Hyperolius adspersus
- Conservation status: Least Concern (IUCN 3.1)

Scientific classification
- Kingdom: Animalia
- Phylum: Chordata
- Class: Amphibia
- Order: Anura
- Family: Hyperoliidae
- Genus: Hyperolius
- Species: H. adspersus
- Binomial name: Hyperolius adspersus Peters, 1877
- Synonyms: Rappia granulata Boulenger, 1901 ; Hyperolius granulatus (Boulenger, 1901) ; Hyperolius nasutus adspersus ;

= Hyperolius adspersus =

- Genus: Hyperolius
- Species: adspersus
- Authority: Peters, 1877
- Conservation status: LC

Species of frog

Hyperolius adspersus is a species of frog in the family Hyperoliidae. It is known from western and southern Cameroon (outside the coastal plain), Gabon, Republic of the Congo, Cabinda Enclave of Angola, and western Democratic Republic of the Congo. It probably occurs Equatorial Guinea too. Common name sprinkled long reed frog has been coined for this species.

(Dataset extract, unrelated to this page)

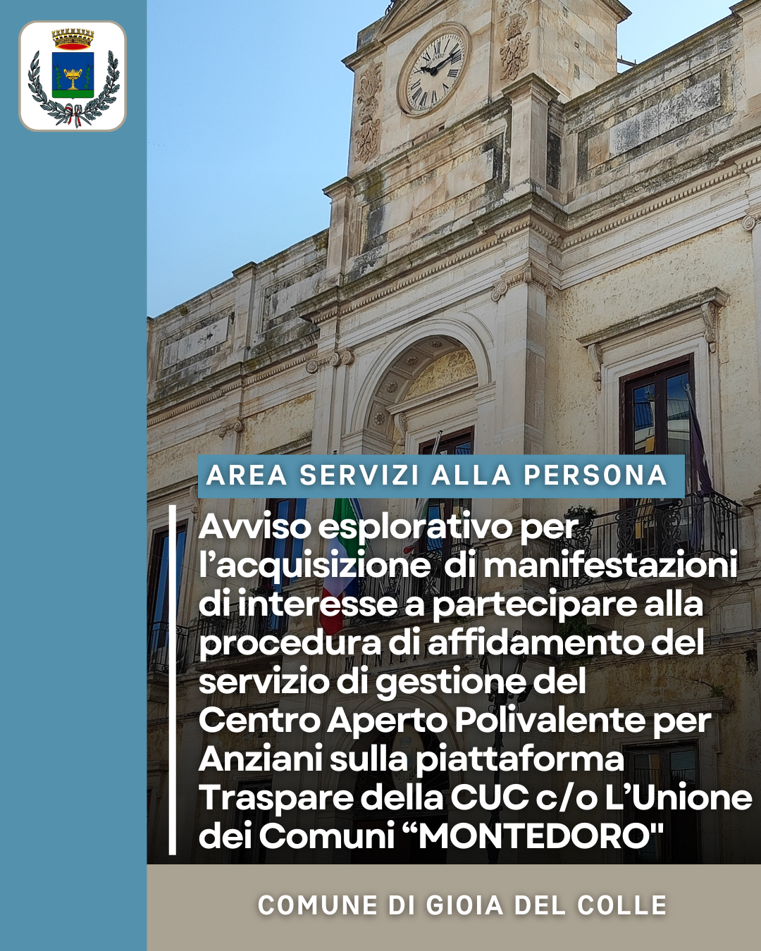 Con determinazione della Responsabile dell’Area Servizi alla Persona n. 1466/2025 è stato approvato un avviso esplorativo finalizzato all’acquisizione di manifestazioni di interesse a partecipare alla procedura di affidamento del servizio di gestione del Centro Aperto Polivalente per Anziani sulla piattaforma Traspare della Centrale Unica di Committenza c/o L’Unione dei Comuni “MONTEDORO".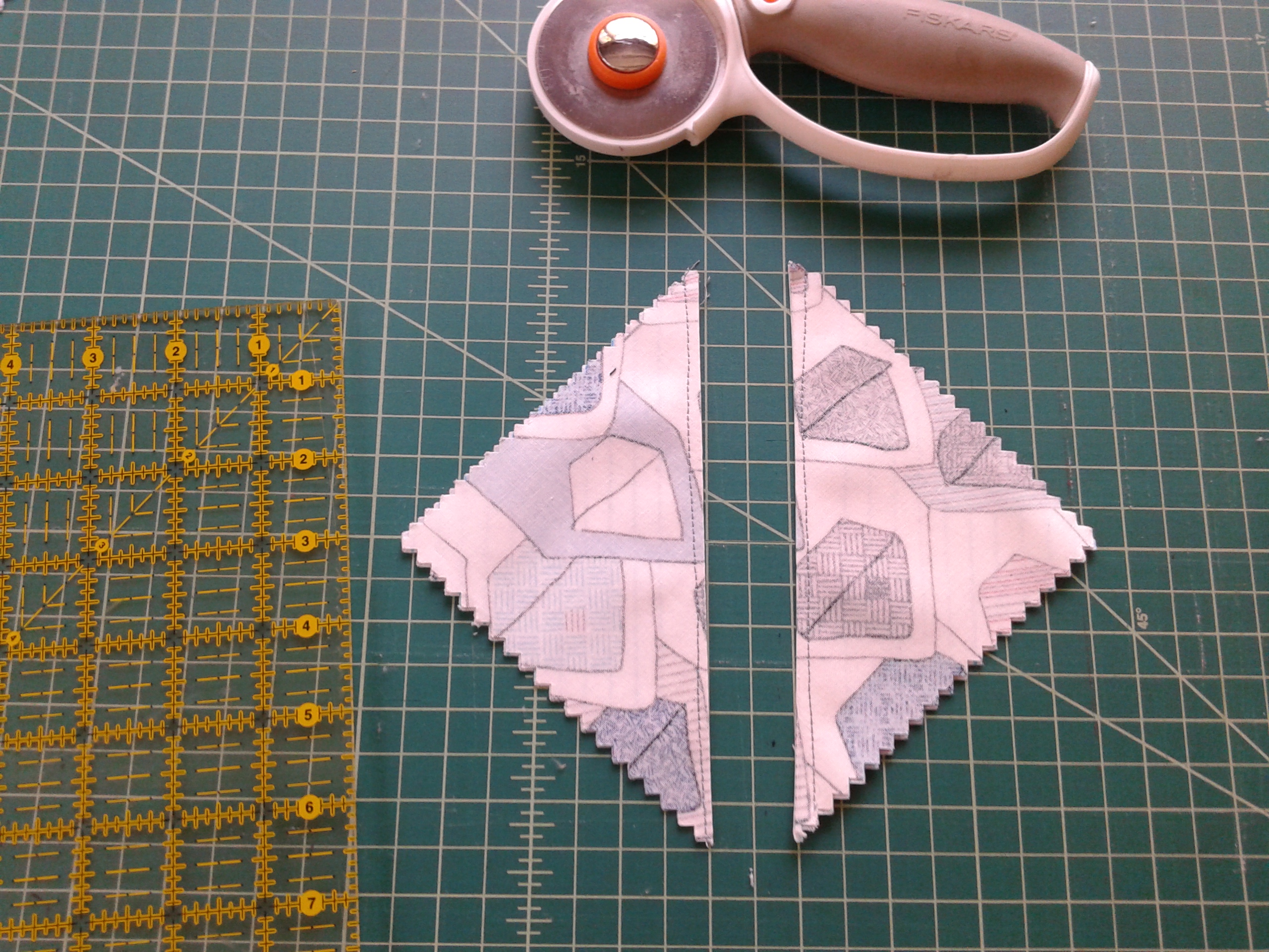 If I were making a block this is where I would sew the half triangle squares together but these are destined for a postcard so the journey continues with light at the end of the tunnel.

Hyperolius adspersus occurs in open secondary habitats in the forest zone from near sea level to 800 m above sea level. It does not occur in closed-canopy forest but appears to be capable of crossing unsuitable habitat because it is able to colonize open habitats inside undisturbed forest. Breeding takes place in marshes and pools, including human-made ones. No threats to this apparently common species are known. It is assumed to occur in some protected areas.